Hockey et masculinité toxique

7 juin 2021

Le 2 juin dernier, à l’occasion d’une joute de hockey disputée entre les Canadiens de Montréal et les Jets de Winnipeg, l’attaquant Mark Scheifele a brutalement mis en échec Jake Evans immédiatement après que ce dernier eut compté un but.

Fonçant sur sa victime de 25 ans à vive allure, Scheifele a provoqué la commotion cérébrale d’Evans. Au cours de sa jeune carrière, c’est la quatrième fois que ce dernier quitte la glace sur une civière.

Dans le mode du hockey — sur lequel les autorités policières choisissent de fermer les yeux — cette agression n’est punissable que d’une interdiction de jouer pendant quelques joutes.

À la boxe, l’état pitoyable des vedettes en vieillissant est la preuve que les coups à la tête (plus nombreux dans ce sport) laissent des séquelles.
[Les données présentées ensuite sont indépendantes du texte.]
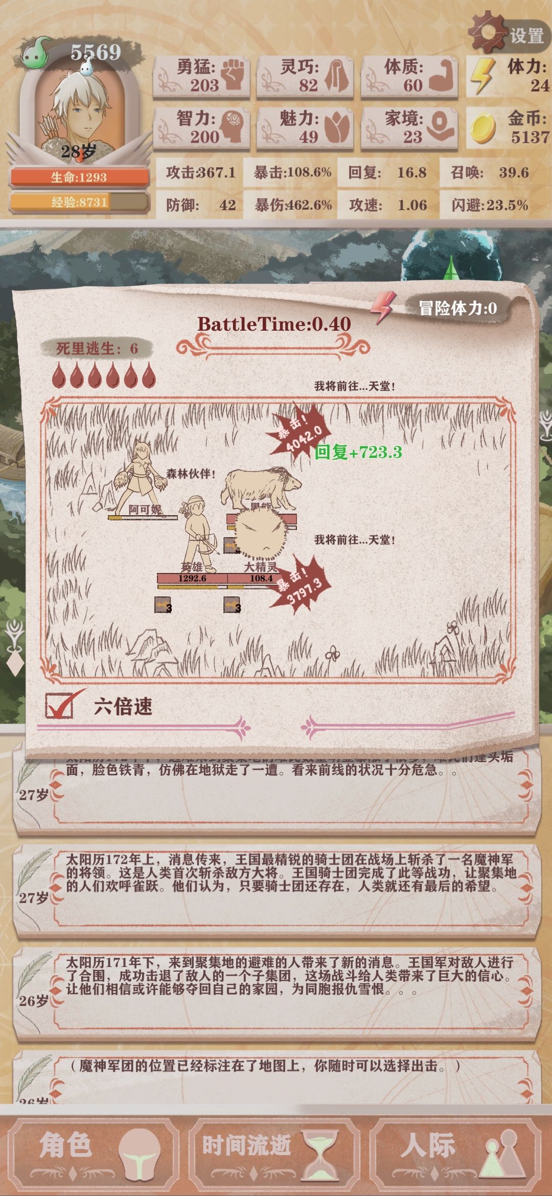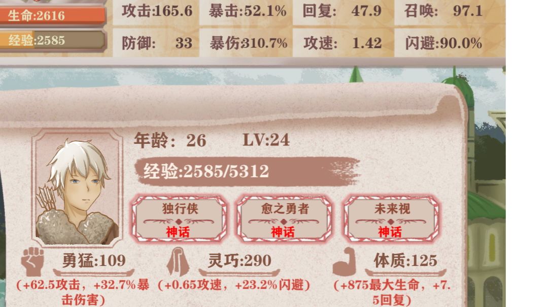 首先放上作者透露的实机截图 大家都看到了 格挡反击换成了暴击爆伤 溅伤换成了召唤 其他不变 首先说召唤,有两种可能,一种是召唤的概率(我觉得可能性不大),另一种是召唤物是每次战斗固有的,召唤数值代表召唤物的强度 通过下面的文字可以看出,猎人现在10岁,父亲给了他一个召唤狼的道具,从而开始冒险 农民线也是10岁开始冒险的,不管是地下室还是神秘男给装备都是10岁才能冒险 所以猎人线很大可能是每次战斗都
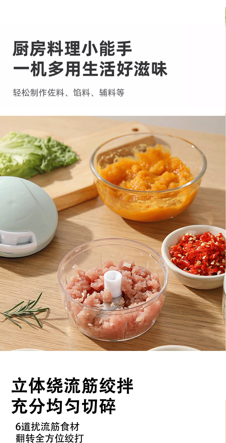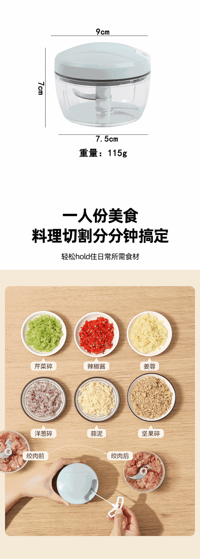 蒜泥捣蒜器 手拉式绞肉机 多功能切菜器 手动厨房饺子馅碎肉机

Il y eut un temps où le hockey était un sport où les vedettes se distinguaient par leur intelligence, leur rapidité et leur adresse.

Dès que l’enregistrement des joutes eut permis de montrer des reprises, les commentateurs vantaient les feintes qui avaient trompé l’adversaire et permis de compter un but.
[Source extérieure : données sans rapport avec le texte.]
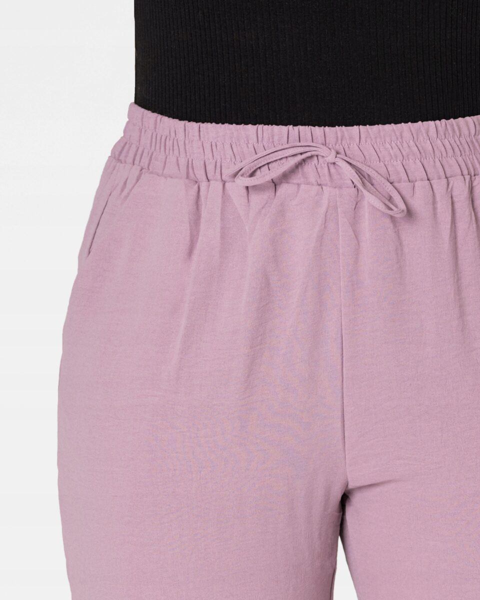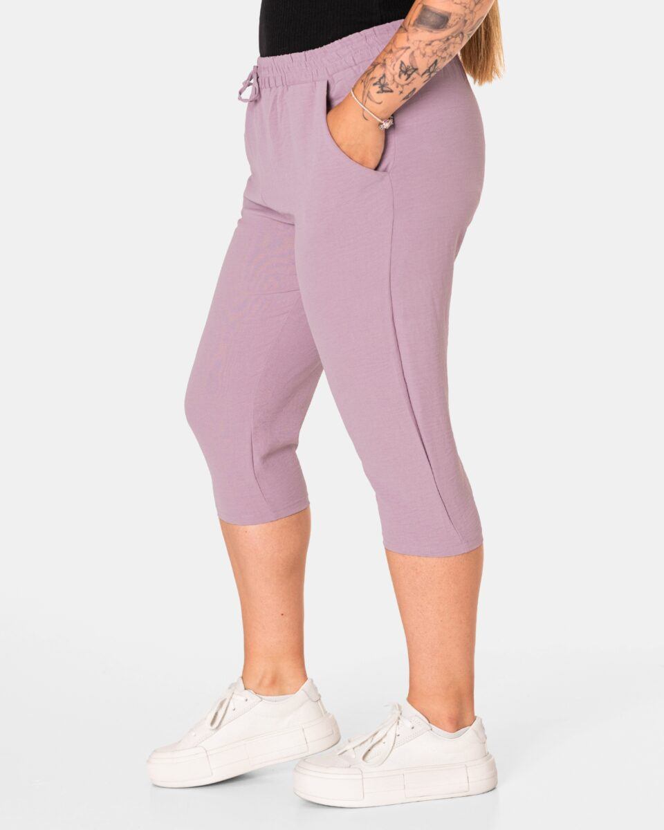 Wyjątkowo lekkie i przewiewne krótkie damskie spodenki z wysokim stanem i krótką nogawką 3/4, to jeden z najczęściej wybieranych na ciepłe i gorące dni wiosny i lata modeli spodenek. Wykonane z wysokiej jakości cienkiej i oddychającej, zwiewnej tkaniny o jednolitym wybarwieniu. Odpowiedni na wysokie temperatury luźny krój spodenek nie ogranicza swobody ruchów, a niewielka gramatura tkaniny (140 g/m2) pozytywnie wpływa na komfort użytkowania. Z założenia wyróżniają się dużą wygodą a dopasowanie w pasie zapewnia szeroki, elastyczny pas ściągający zgrabnie modelujący sylwetkę w talii i ozdobiony taśmą do zawiązania. Na bokach spodenek dwie wpuszczane kieszonki na dłonie.

On peut se demander quelle aurait été la carrière Maurice Richard si, à l’âge d’Evans, on s’était employé à l’handicaper physiquement par une série de commotions cérébrales.

Car le hockey n’est plus ce qu’il était.

Autrefois, l’équipe des Canadiens était composée exclusivement de ‘p’tis gars de la place’, c’est-à-dire de francoQuébécois et d’angloQuébécois qui, ensemble, faisaient la preuve que lorsque les gens d’ici s’unissent, ils font naitre des champions.
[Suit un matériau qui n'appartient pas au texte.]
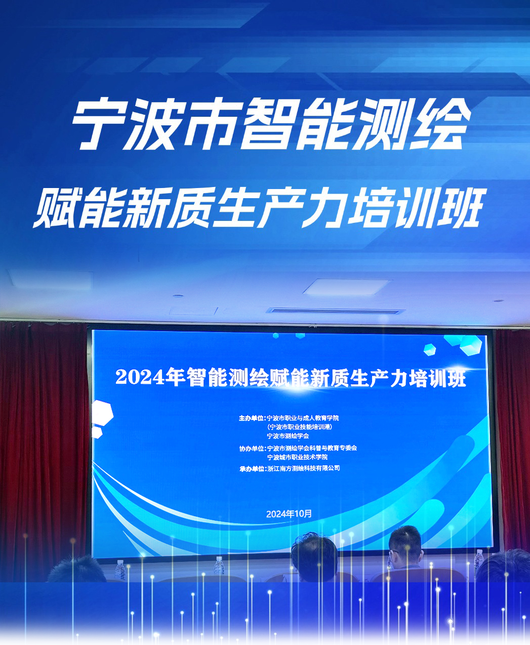 發(fā)布日期:2024.10.31 近日,由寧波市測繪學會、寧波市職業(yè)技能培訓港主辦的智能測繪賦能新質(zhì)生產(chǎn)力培訓班于寧波城市職業(yè)技術學院順利舉行。百余位寧波市測繪企業(yè)崗位從業(yè)人員匯聚一... -
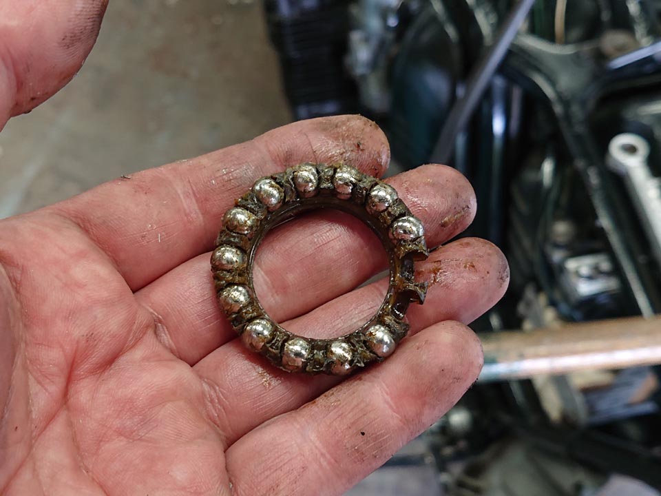 で、こないだの土曜日に、思い立って六発号のステムベアリングの様子を見てみた。

Aujourd’hui, dans tout le sport professionnel, les équipes sont formées de mercenaires venus principalement d’ailleurs qu’on paie à prix d’or pour défendre les couleurs locales.

Par cupidité, les patrons des clubs de hockey ont soumis notre sport national à l’impérialisme culturel américain.

Afin de faire naitre le gout de ce sport aux États-Unis — même là où il est naturellement étranger en raison du climat — on s’est laissé convaincre de modifier les règlements pour en faire un croisement entre le hockey d’origine et le rollerblade hollywoodien.

De nos jours, on ne montre plus les plus belles feintes; on dresse plutôt le palmarès annuel des meilleures mises en échec.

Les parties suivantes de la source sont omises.